• [Task prompt]: For the records below, copy exactly the span that begins at the line containing "通讯员 宋 盼 彭昭君 摄" and stops after the line containing "3. STS Title.", minus any pictures.

(Excerpts from a dataset)

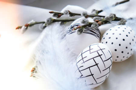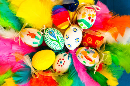 Traditional arrangement of easter eggs and easter feathers
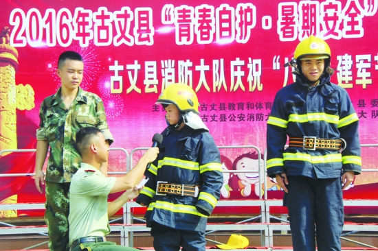 8月1日,古丈县青少年活动中心合唱团的成员与县消防大队的官兵举行了别开生面的庆“八一”建军节活动。合唱团的青少年为部队官兵献上了精彩的歌唱节目,县消防大队的官兵为青少年们讲解传授自我保护灭火、防火知识,增强了青少年热爱生命自我防护的意识。 本报特约记者 石立新 通讯员 宋 盼 彭昭君 摄
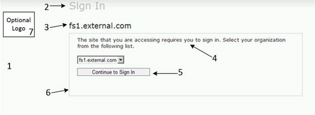 3. STS Title. The title you see here comes from the AD FS Federation Service name you define on the AD FS Properties. The same name you see in the drop down list when you need to select your target IdP. The placement code for STS Title is controlled in MasterPage.master and via style sheet. I removed STS Title from the final page. I had to do this by introducing a new code in the style sheet and replacing the class definition in the MasterPage.master with new style that hides it.
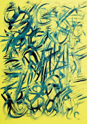 Sicuramente una gestualità del tutto mutuata dalla musica, dal gesto direttoriale, una gestualità che si trasforma in segno procedendo per strutture e ritmi di rapida percezione, collocando impulsi immediati e selettivi che, sulla tela, diventano rappresentazione, entro spazi in cui pone un sistema di distanze e di rapporti, di "suono-colore" e di "pause" e i titoli delle opere testimoniano ancora una volta la sua provenienza intellettuale. Opere in cui segno e materia hanno la capacità di descrivere visivamente la seduzione della musica.
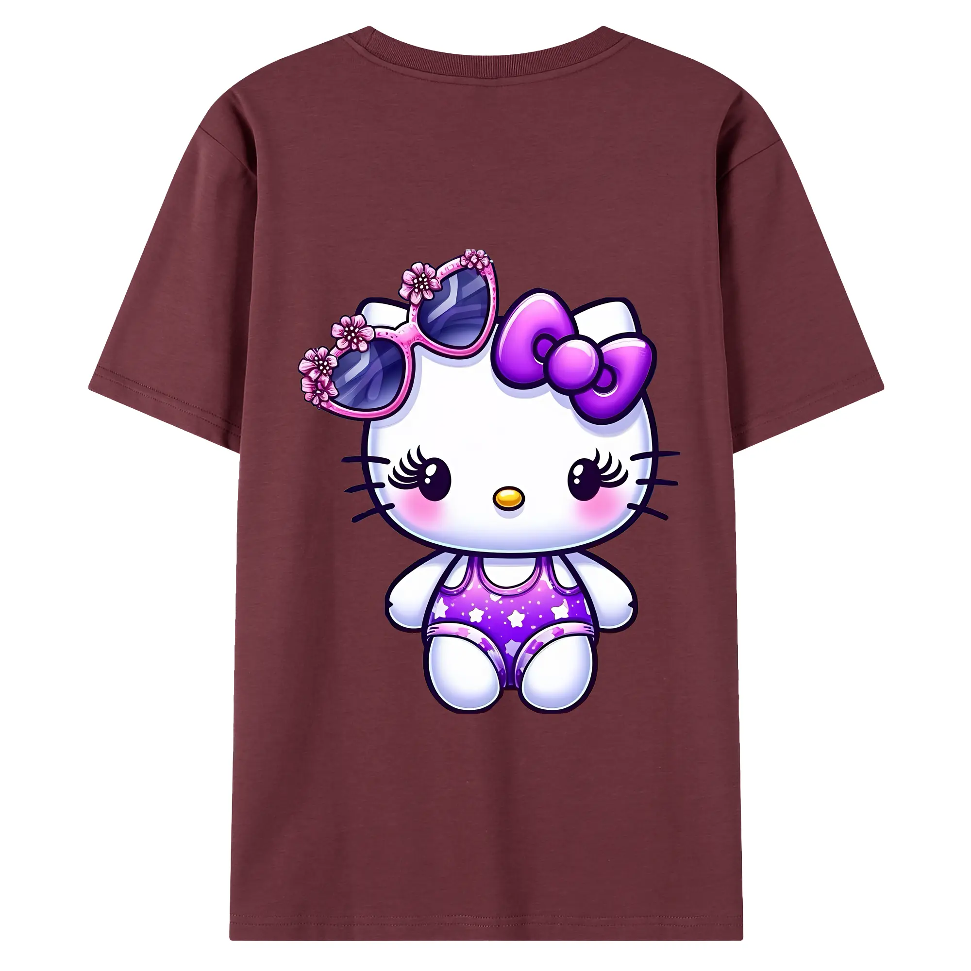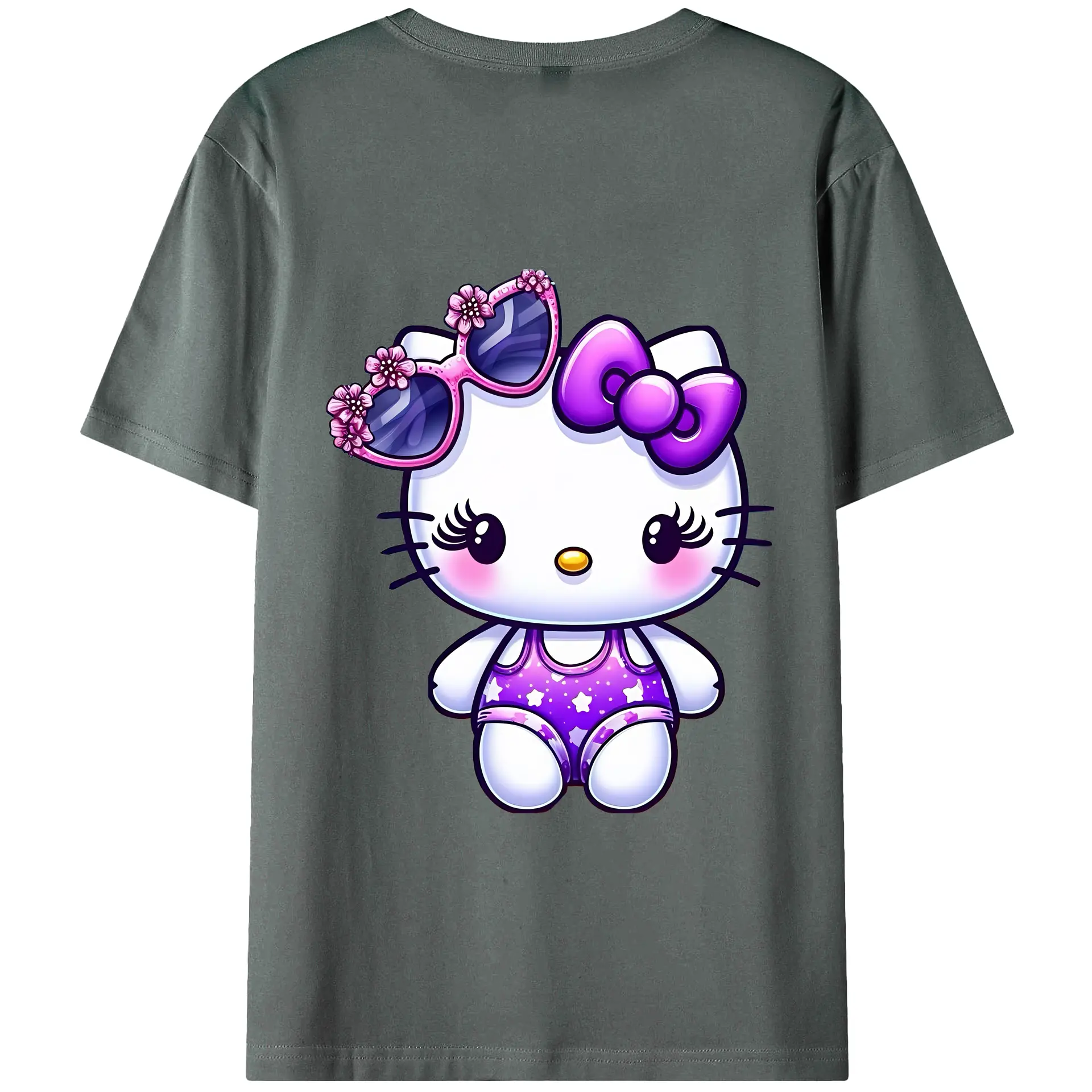 サンリオ グッズ,ハローキティ - 綿100% 半袖Tシャツ ・ フロントプリント ・ 快適 通気性 ・ 日常使い 散歩 スポーツ用
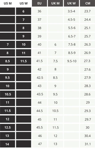 Las tallas de calzado se han fabricado siguiendo estándares internacionales como Nike y Adidas. En caso de duda, elegir la talla más grande.

• [Task solution]:
 8月1日,古丈县青少年活动中心合唱团的成员与县消防大队的官兵举行了别开生面的庆“八一”建军节活动。合唱团的青少年为部队官兵献上了精彩的歌唱节目,县消防大队的官兵为青少年们讲解传授自我保护灭火、防火知识,增强了青少年热爱生命自我防护的意识。 本报特约记者 石立新 通讯员 宋 盼 彭昭君 摄
 3. STS Title. The title you see here comes from the AD FS Federation Service name you define on the AD FS Properties. The same name you see in the drop down list when you need to select your target IdP. The placement code for STS Title is controlled in MasterPage.master and via style sheet. I removed STS Title from the final page. I had to do this by introducing a new code in the style sheet and replacing the class definition in the MasterPage.master with new style that hides it.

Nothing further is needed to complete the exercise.